- Directed by: John Edginton
- Produced by: Andrew Winter
- Starring: Phil Collins * Peter Gabriel * Tony Banks * Mike Rutherford * Steve Hackett
- Distributed by: BBC
- Release date: 17 November 2014;
- Running time: 90 minutes (TV)

= Genesis: Together and Apart =

Genesis: Together and Apart is a 2014 British documentary about the English rock band Genesis and its members' solo projects. Made by the BBC, it was first broadcast on BBC Two in the UK on 4 October 2014. It features contributions from drummer and singer Phil Collins, keyboardist Tony Banks, and guitarist and bassist Mike Rutherford, as well as former singer Peter Gabriel and guitarist Steve Hackett, who left the band in the 1970s.

The documentary was released on DVD and Blu-ray in November 2014 as Genesis: Sum of the Parts. The companion box set R-Kive also features tracks from the band member's solo albums.

==Production==
According to Tony Banks, the first cut of the documentary was "terrible" and a new director was quickly hired to recut it, which improved it, but he said that "things were in there that shouldn't have been" and "overall the thing didn't do its job", adding that there had been better documentaries made on the band previously.

==Reception==
The Daily Telegraphs reviewer Ceri Radford described the documentary as "excellent" and "an entertaining riff on their success over the years". Writing for The Arts Desk, Adam Sweeting was not as impressed, stating: "All of the group's serpentine twists and turns were dutifully recorded in this 90-minute documentary", but he concluded: "It's an awesome tale in its way, yet the endless list of hit records and enormous tours eventually became tedious, and somehow Genesis managed to remain untouched by all the history going on around them."

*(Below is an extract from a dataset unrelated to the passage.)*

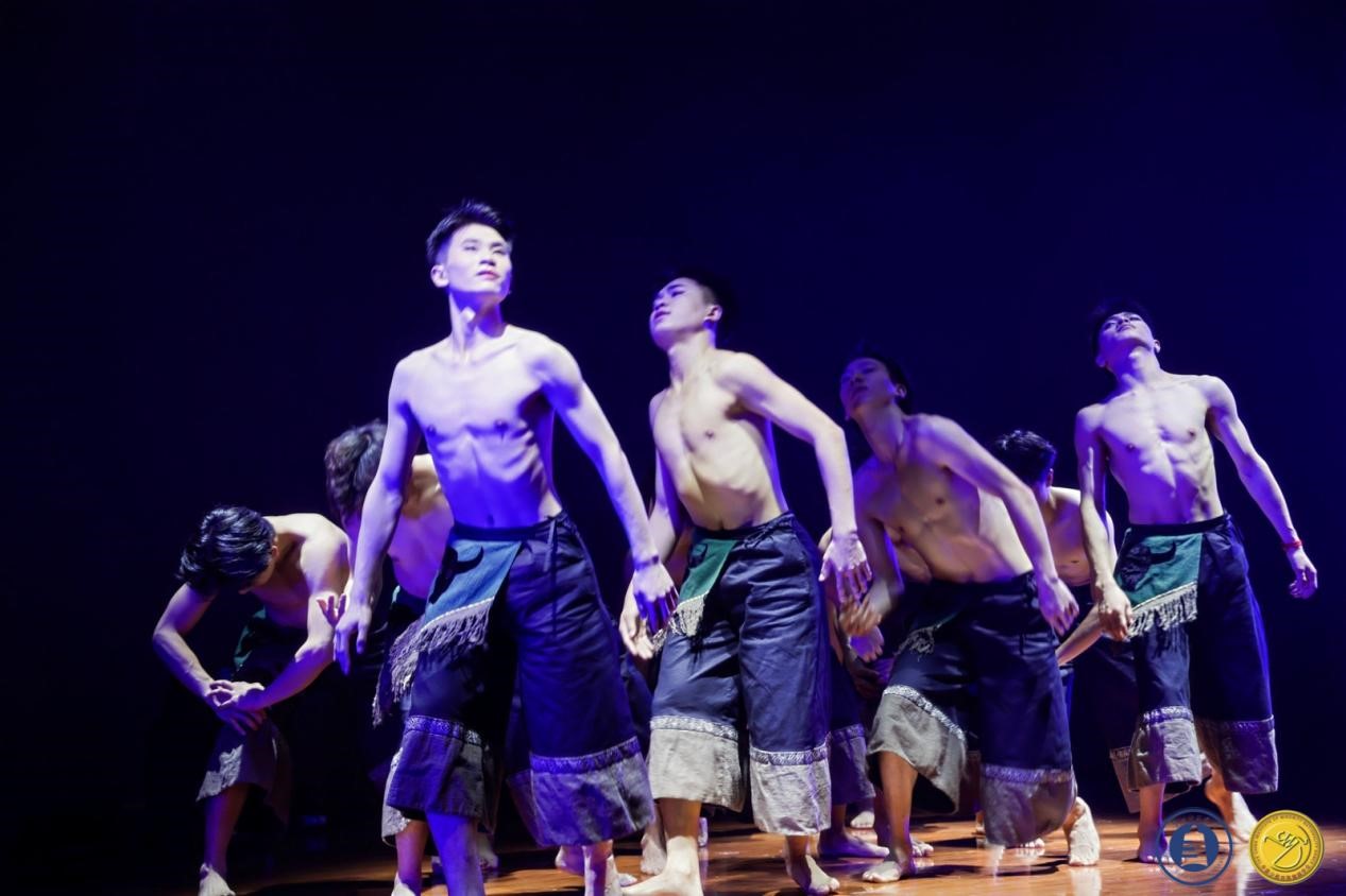 其次,肖伟上台讲话介绍教学成果,成果展分为两个部分:苗族舞蹈板块教学组合展示以及贵州原创剧目展示。首先,呈现的是苗族舞蹈板块教学组合:前曲动律组合(男、女)》《锦鸡舞表演组合(女)》《基本体态与手位训练组合(男)》《综合表演性组合(女)》《芦笙舞组合(男)》,还有传统组合中的《踩鼓(女)》《反排木鼓舞(男、女)》等。同学们凭借矫健的动作、欢快的节奏以及激情澎湃的舞姿,将苗族的民俗风情和精神风貌展现得极为透彻,展示出了苗族对于生活的热爱与向往之情。再次,到贵州原创剧目展示,《五彩姊妹》《贲牛摶角》《梭戛长河》《青春风采》《水西脚印》以及《豆豉粑娶媳妇》等6个优秀原创剧目依次上演。剧目中,《五彩姊妹》展现出苗族少女们身着节日盛装,去追寻属于自己的幸福与美满;《贲牛摶角》意在生动地呈现水族村寨中年轻人的热情奔放与英勇无畏;《梭戛长河》呈现出女性们的长发如瀑布般垂落,她们巧妙地将那油亮的青丝轻柔地盘绕、编织,最终固定在木制的长角上;《青春风采》表现出当代老员工不忘初心,将自己民族的文化传承下去,守正创新,提升民族自信,这便是青春风采赋予当代老员工的使命;《水西脚印》是一个奢香与水西的故事;《豆豉粑娶媳妇》这一作品中,男主角“豆豉粑”在梦中追求幸福婚姻的场景,不但展现了他对美好生活的向往,也映射出当代农村青年积极进取的精神面貌。
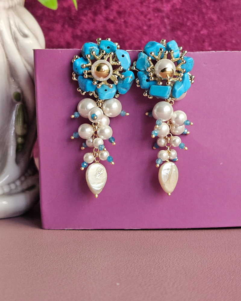 Orecchini a Grappolo con Perle di Maiorca e Turchese

Following its broadcast, Hackett expressed his displeasure, describing the documentary as a "biased account of Genesis history" that "totally ignores" his solo work. "I tend to agree with him," remarked Rutherford. "I emailed him to say that. But it wasn't our fault; we weren't entirely in charge [of the editing]." Hackett's screentime was also noticeably minimal and his fans were mostly supportive of his complaint, posting hundreds of comments hailing his music and career.

The documentary was also criticised by some fans as it features no mention of Ray Wilson's three-year tenure with the band, and also very little information on Selling England by the Pound (1973) and Wind & Wuthering (1976) – both very popular among fans – along with several other aspects of the band's history.